___ Input data ___

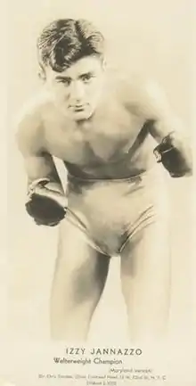 Isadoro Anthony "Izzy" Jannazzo (January 31, 1915 – June 18, 1995) was an American professional boxer who challenged Barney Ross for the NYSAC, NBA, and The Ring magazine world welterweight championship in November 1936, and took the Maryland version of the World Welterweight Championship in October 1940. In 1937, he fought national welterweight champions before large crowds in Australia and Germany. In 1940, he was listed as the world's top welterweight contender by some sources.[1] His managers were Guy Anselmi and Chris Dundee.[2][3]
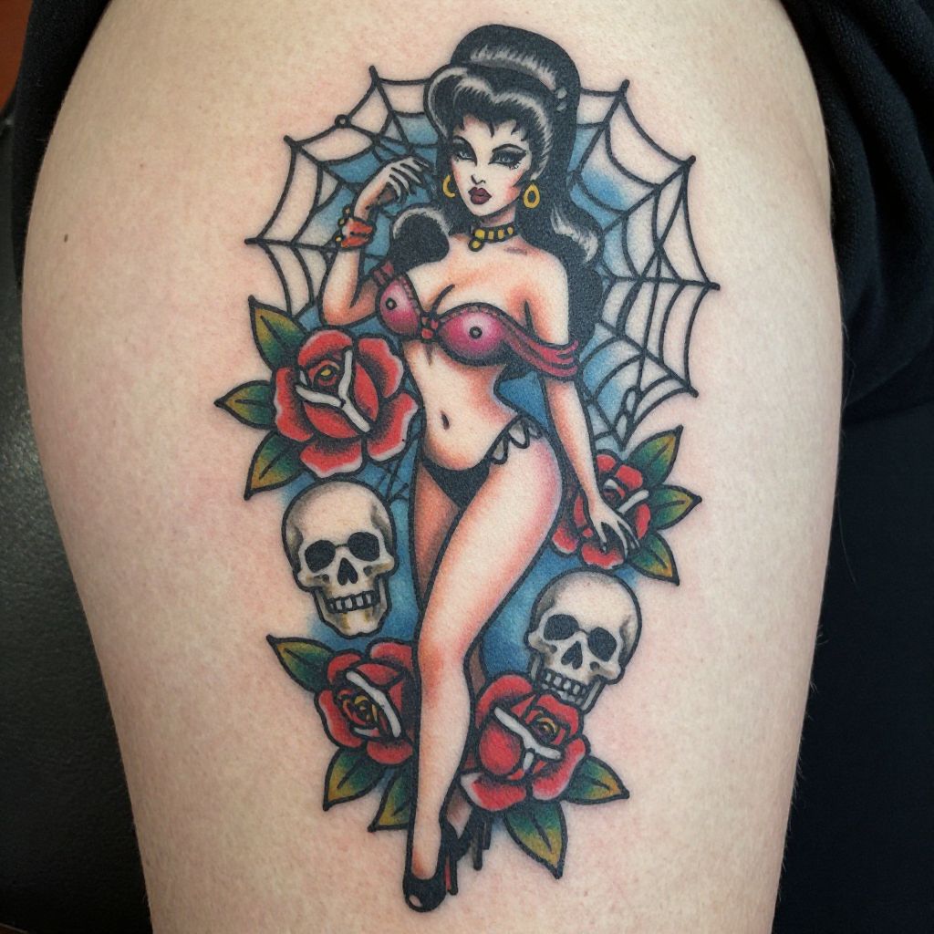 Elvira pinup tattoo design, featuring a sultry gothic pinup woman posing confidently, adorned with vintage tattoo motifs like roses, skulls, and spider webs, vibrant ink colors on pale skin, in a mix of classic Americana and dark gothic aesthetics.
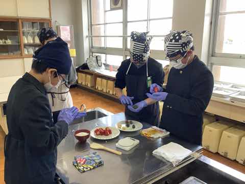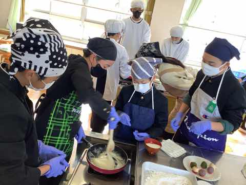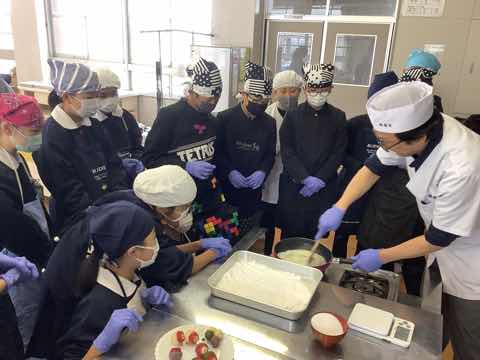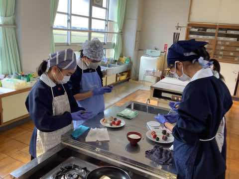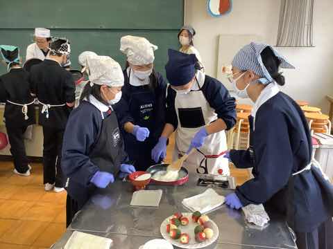 6年生は、西尾市にある「穂積堂」の4代目鈴木雅也先生を講師にお招きして、地元産のいちごを使った、いちご大福作りをしました。
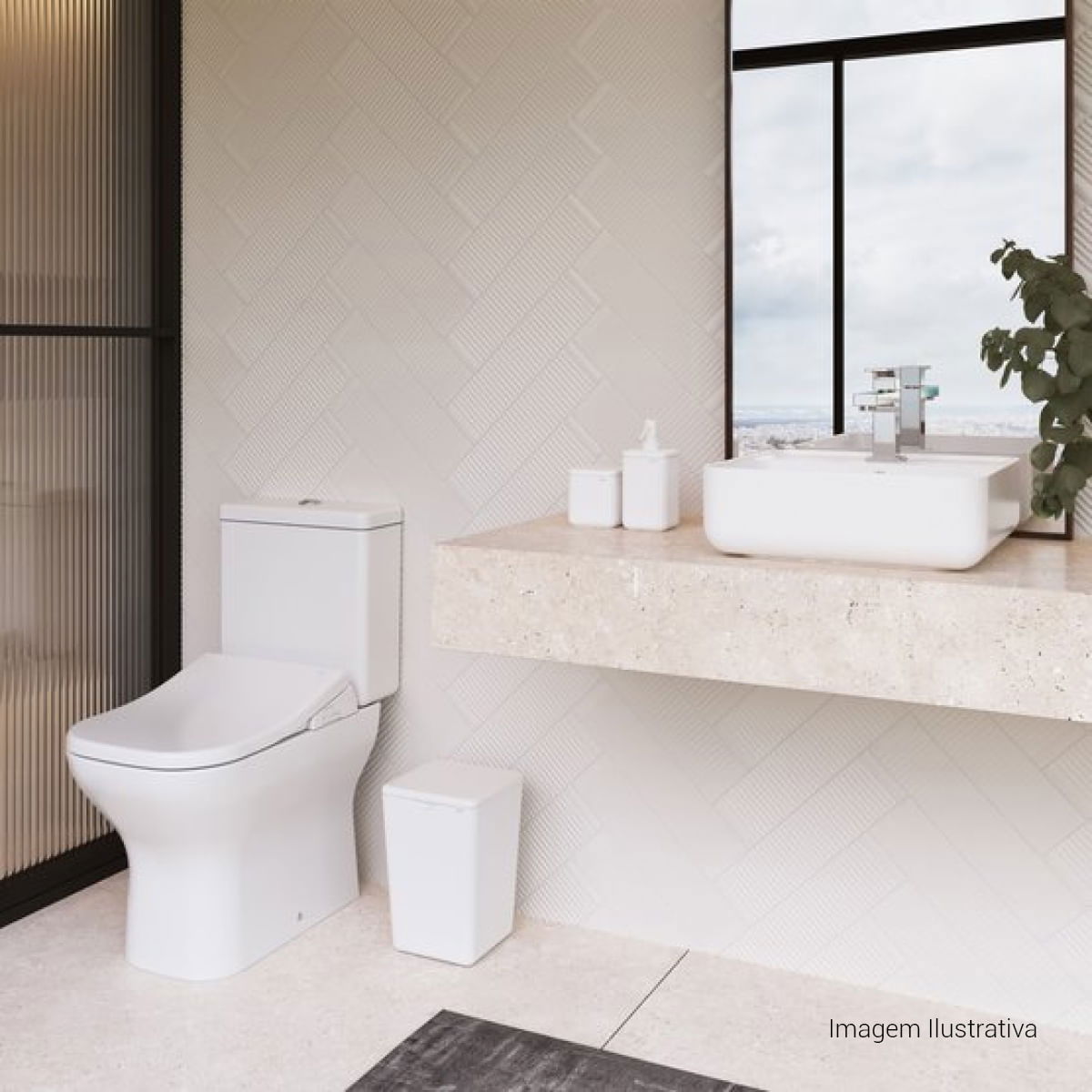 Caixa acoplada com sistema de descarga com tecnologia Hydra Duo, com dois botões: descarga completa: 6 litros (limpeza total) e descarga com volume reduzido: 3 litros (troca de líquidos). Garantindo assim uma economia de água de até 60%.
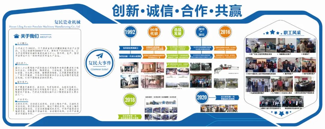 如今,复民机械的海外客户已覆盖巴基斯坦、孟加拉、哈萨克斯坦、乌兹别克斯坦、越南等国家和地区的日用陶瓷骨干企业,累计提供了大量的成套陶瓷生产装备,成为我国向海外出口陶瓷装备的主要企业之一。
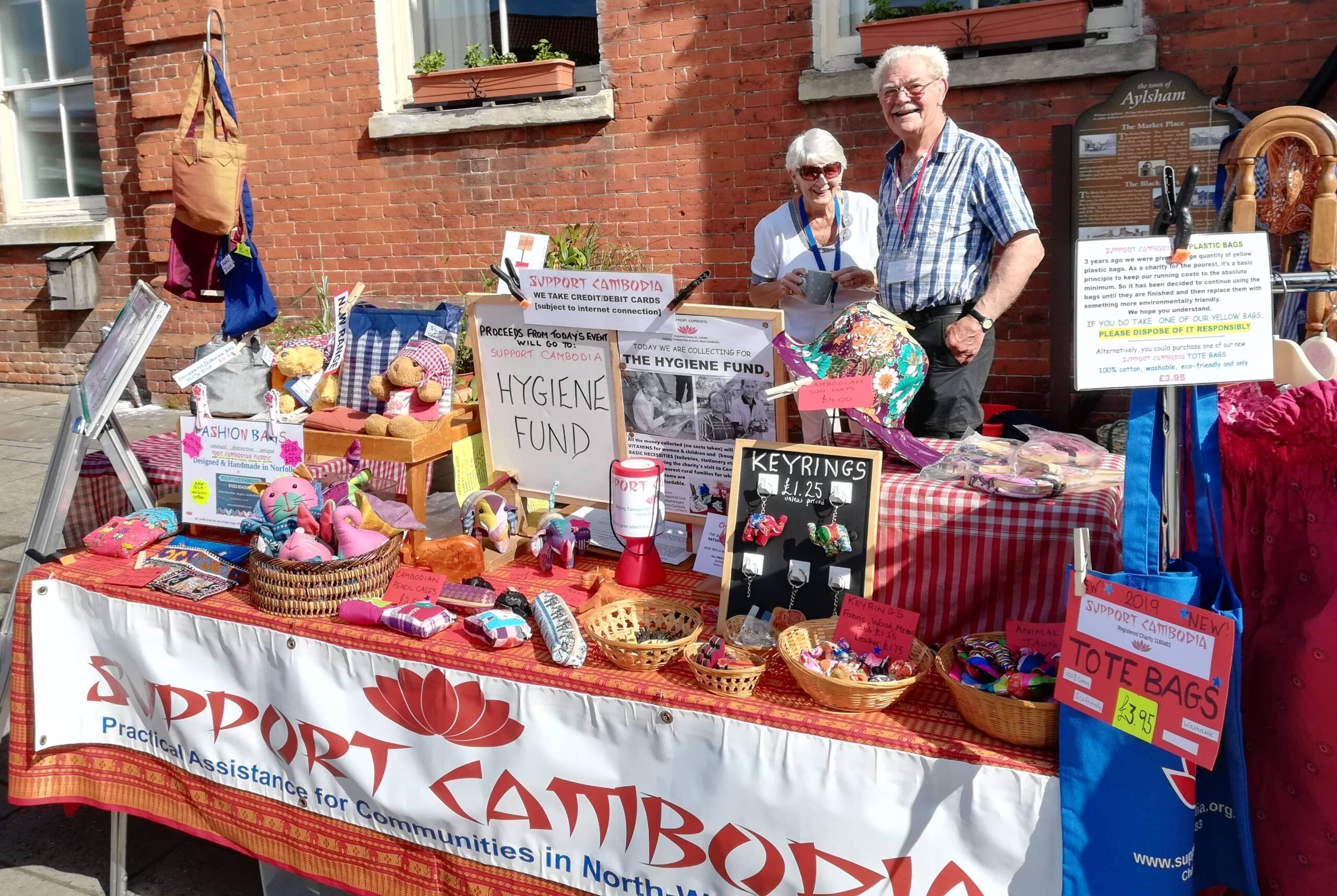 A gloriously hot morning enticed locals and visitors alike to two events in Aylsham on the first weekend in June in aid of Support Cambodia. Cambodian ‘elephant’ trousers, cheesecloth tops, sunhats and hammocks were all popular hot-weather buys at the Table Top in the Market Place while a two-day Charity Sale [courtesy of Jill Kemp] in White Hart Street produced a stream of satisfied people proudly bearing bargains of various shapes and sizes. In total, well  over £500 was raised for the Support Cambodia Hygiene Fund which will provide basic necessities for the very poorest families, to be distributed during the Trustee visit in February 2020. Many thanks to all who supported either event and particularly to Jill for a wonderful, solo fundraising effort and to Aylsham in Bloom for their help in promoting the event.

___

What you need to do: Here the job is to output the lines from the top of the listing through the line holding "如今,复民机械的海外客户已覆", word for word and without pictures.

Result:
 Isadoro Anthony "Izzy" Jannazzo (January 31, 1915 – June 18, 1995) was an American professional boxer who challenged Barney Ross for the NYSAC, NBA, and The Ring magazine world welterweight championship in November 1936, and took the Maryland version of the World Welterweight Championship in October 1940. In 1937, he fought national welterweight champions before large crowds in Australia and Germany. In 1940, he was listed as the world's top welterweight contender by some sources.[1] His managers were Guy Anselmi and Chris Dundee.[2][3]
 Elvira pinup tattoo design, featuring a sultry gothic pinup woman posing confidently, adorned with vintage tattoo motifs like roses, skulls, and spider webs, vibrant ink colors on pale skin, in a mix of classic Americana and dark gothic aesthetics.
 6年生は、西尾市にある「穂積堂」の4代目鈴木雅也先生を講師にお招きして、地元産のいちごを使った、いちご大福作りをしました。
 Caixa acoplada com sistema de descarga com tecnologia Hydra Duo, com dois botões: descarga completa: 6 litros (limpeza total) e descarga com volume reduzido: 3 litros (troca de líquidos). Garantindo assim uma economia de água de até 60%.
 如今,复民机械的海外客户已覆盖巴基斯坦、孟加拉、哈萨克斯坦、乌兹别克斯坦、越南等国家和地区的日用陶瓷骨干企业,累计提供了大量的成套陶瓷生产装备,成为我国向海外出口陶瓷装备的主要企业之一。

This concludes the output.